Conservation project in east England

The Little Ouse Headwaters Project (LOHP) was set up in 2002 by local residents to promote conservation and enjoyment of the fenland habitats bordering the upper reaches of the River Little Ouse, which lies on the Norfolk-Suffolk border. The site lies between Blo' Norton in Norfolk and Thelnetham in Suffolk. It includes a number of areas including Hinderclay Fen, Blo' Norton Fen, Betty's Fen, The Frith, Blo' Norton Lowes, Blo' Norton Little Fen and Parker's Piece. The area also include parts of the Blo' Norton and Thelnetham Fen Site of Special Scientific Interest (SSSI).

The project is a registered charity and holds monthly work parties to manage the habitat of the various fens. The Little Ouse Headwaters Project won the CIWEM/RSPB Living Wetlands Award in 2006.

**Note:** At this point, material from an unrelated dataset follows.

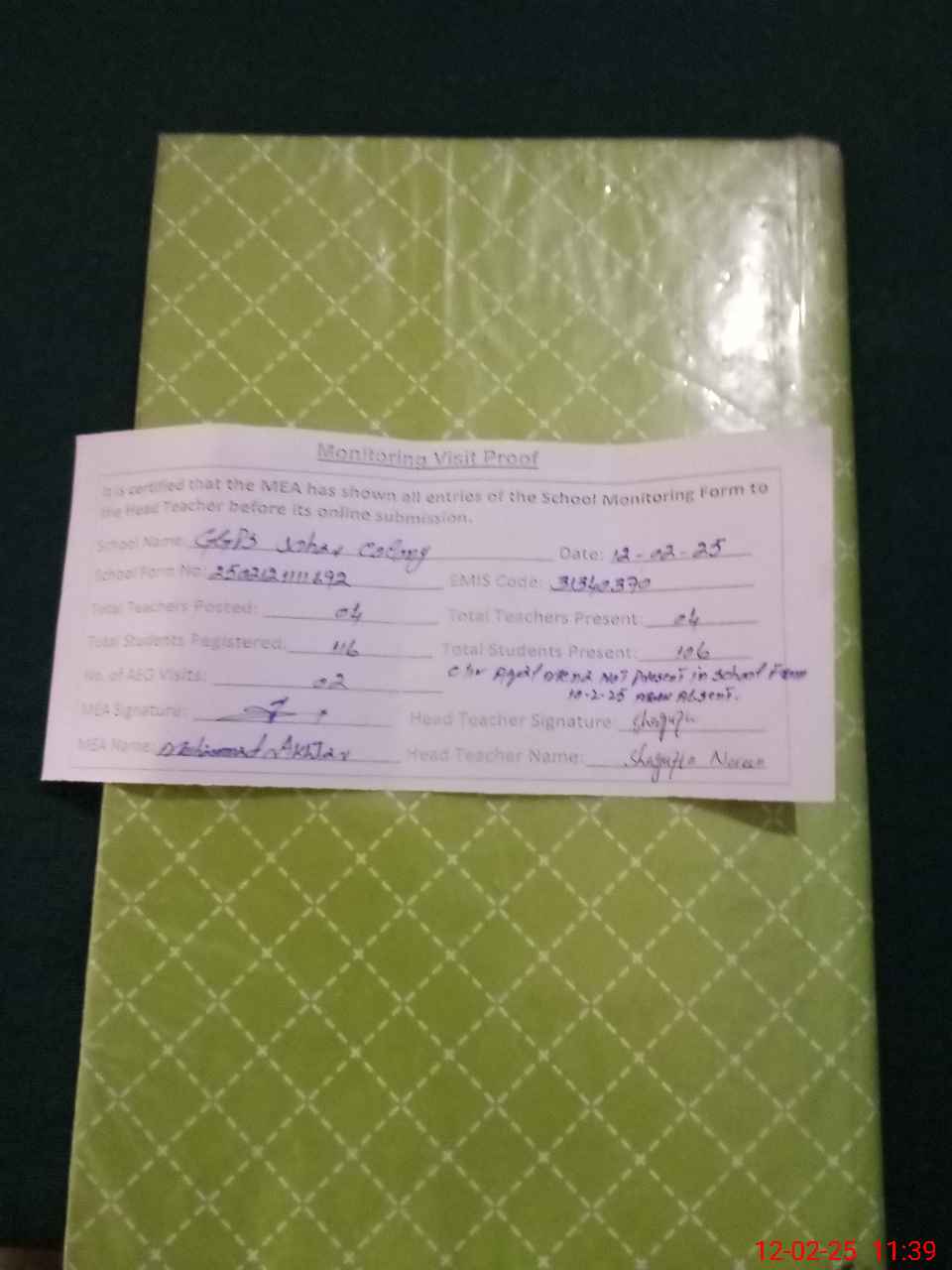 | EMIS Code: 31340370 | Name of School: GGPS JOHAR COLONY | |||

Both the River Waveney and the River Little Ouse have their sources at Redgrave Fen. The Waveney runs eastwards - forming the border between Norfolk and Suffolk - while the Little Ouse flows westwards and eventually joins the River Great Ouse at Denver Sluice.

==The Project==
The LOHP has won awards for its work as a conservation organisation. These include the prestigious Living Wetlands award, and Suffolk's 'greenest county' award for community action.

==History==
After the Second World War the course of the River Little Ouse was over-deepened which led to the drying-out of the surrounding fen and the conversion of much of the land to arable use. The ending of traditional management practices and the lowering of the water table also led to increased dehydration which caused a decline in the bio-diversity of the area. The work carried out by the Little Ouse Headwaters Project has helped to reverse these effects.